You can access the types using dot notation
select * from person where (phone).type = 'work';
Technically you should store the both attributes for phone separately, but this way, you can tell that they belong together.
You can also define user defined types to be restricted domains of values and then use in multiple places.
Collection of Values¶
In addition to records (like the one above), you can also define collection of values.
Arrays:
CREATE TABLE tictactoe ( squares integer[3][3] ); INSERT INTO tictactoe VALUES('{{1,2,3},{4,5,6},{7,8,9}}'); SELECT squares[3][2] FROM tictactoe; --not zero indexed squares --------- 8 (1 row) CREATE TABLE messages ( msg text[] ) ; INSERT INTO messages VALUES ('{"hello", "world"}') ; INSERT INTO messages VALUES ('{"I", "feel", "so", "free"}') ; SELECT msg[2] FROM messages ; msg ------- world feel (2 rows) SELECT msg[2:3] FROM messages; --slicing, really? msg ----------- {world} {feel,so} (2 rows)
The best of use complex types is to write procedures/functions using pl/pgsql or a programming language like C.
Typed objects and methods¶
The main use of typed objects is to create extensions for handling specific types of data.
For each data type, there are specific methods that apply to them, like an object-oriented programming language!
Some really useful examples:
Geographic data: points (geo locations), polygons (state, city boundaries), line segments (roads, rivers)

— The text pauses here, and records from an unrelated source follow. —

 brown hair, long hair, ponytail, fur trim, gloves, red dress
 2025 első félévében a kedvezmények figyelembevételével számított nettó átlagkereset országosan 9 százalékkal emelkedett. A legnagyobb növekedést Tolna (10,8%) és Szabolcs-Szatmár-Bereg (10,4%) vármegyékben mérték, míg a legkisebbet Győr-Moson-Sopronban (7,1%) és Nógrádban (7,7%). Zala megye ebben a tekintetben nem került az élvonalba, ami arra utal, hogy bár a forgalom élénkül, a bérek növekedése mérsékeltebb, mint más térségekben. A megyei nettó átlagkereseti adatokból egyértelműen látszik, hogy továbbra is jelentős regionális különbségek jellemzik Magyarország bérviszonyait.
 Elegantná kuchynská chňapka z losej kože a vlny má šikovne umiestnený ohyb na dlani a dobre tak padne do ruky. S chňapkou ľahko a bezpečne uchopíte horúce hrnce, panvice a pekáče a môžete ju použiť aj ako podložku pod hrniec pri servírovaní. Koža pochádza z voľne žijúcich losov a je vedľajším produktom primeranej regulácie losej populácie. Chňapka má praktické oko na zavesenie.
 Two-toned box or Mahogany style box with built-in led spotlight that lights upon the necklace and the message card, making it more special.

Text data: vectors of words and weights for each word
JSON
SELECT '{"foo": {"bar": "baz"}}'::jsonb; jsonb ------------------------- {"foo": {"bar": "baz"}} SELECT '{"foo": {"bar": "baz"}}'::jsonb->'foo'; ?column? ---------------- {"bar": "baz"}
Geographic Data¶
PostGIS is an extension for supporting geographic data with many useful data types of functions.
First install postgis and create the extension from a superuser:
create extension postgis; create database geodb owner sibeladali template template_postgis ;
Now you can use all the data types and methods available in postgis.

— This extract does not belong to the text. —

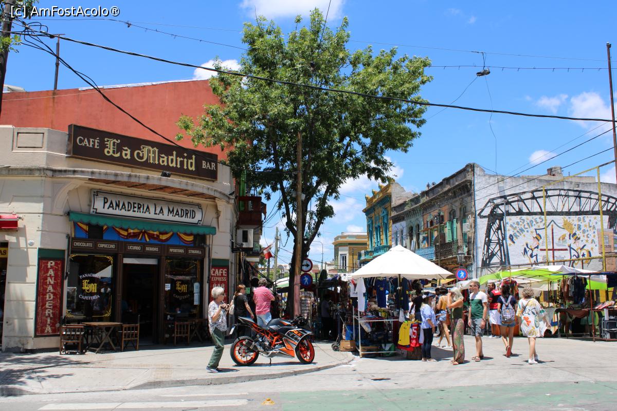 [P26] Buenos Aires, Caminito, Panadería y Cafetería La Madrid în interescția dintre străzile Dr. del Valle Iberlucea și Gral. G. Araoz de Lamadrid, se vede puțin și Mural República de la Boca

CREATE TABLE bwithloc ( name VARCHAR(100) , location geography(POINT,4326) ) ; insert into bwithloc values('Rensselaer Polytechnic Institute', ST_GeographyFromText('SRID=4326;POINT(42.7308634 -73.6816793)')); insert into bwithloc values('Shalimar Restaurant', ST_GeographyFromText('SRID=4326;POINT(42.732293 -73.688473)')); insert into bwithloc values('The Placid Baker', ST_GeographyFromText('SRID=4326;POINT(42.7313916 -73.690868)'));
SRID shows the projection used to compute the latitude and longitude.
You can also enter polygons as arrays of points, line segments are arrays of lines, etc.
Many geography functions are available (distance is in meters):
SELECT b1.name , b2.name , ST_DISTANCE(b1.location, b2.location) FROM bwithloc b1 , bwithloc b2 WHERE b1.name < b2.name ;
Other examples:
- Check whether a point is inside a polygon (which city is this restaurant in)?
- Check the length of a line segment
Text Querying¶
The text queries we have seen so far very simplistic: find if the text contains a specific word.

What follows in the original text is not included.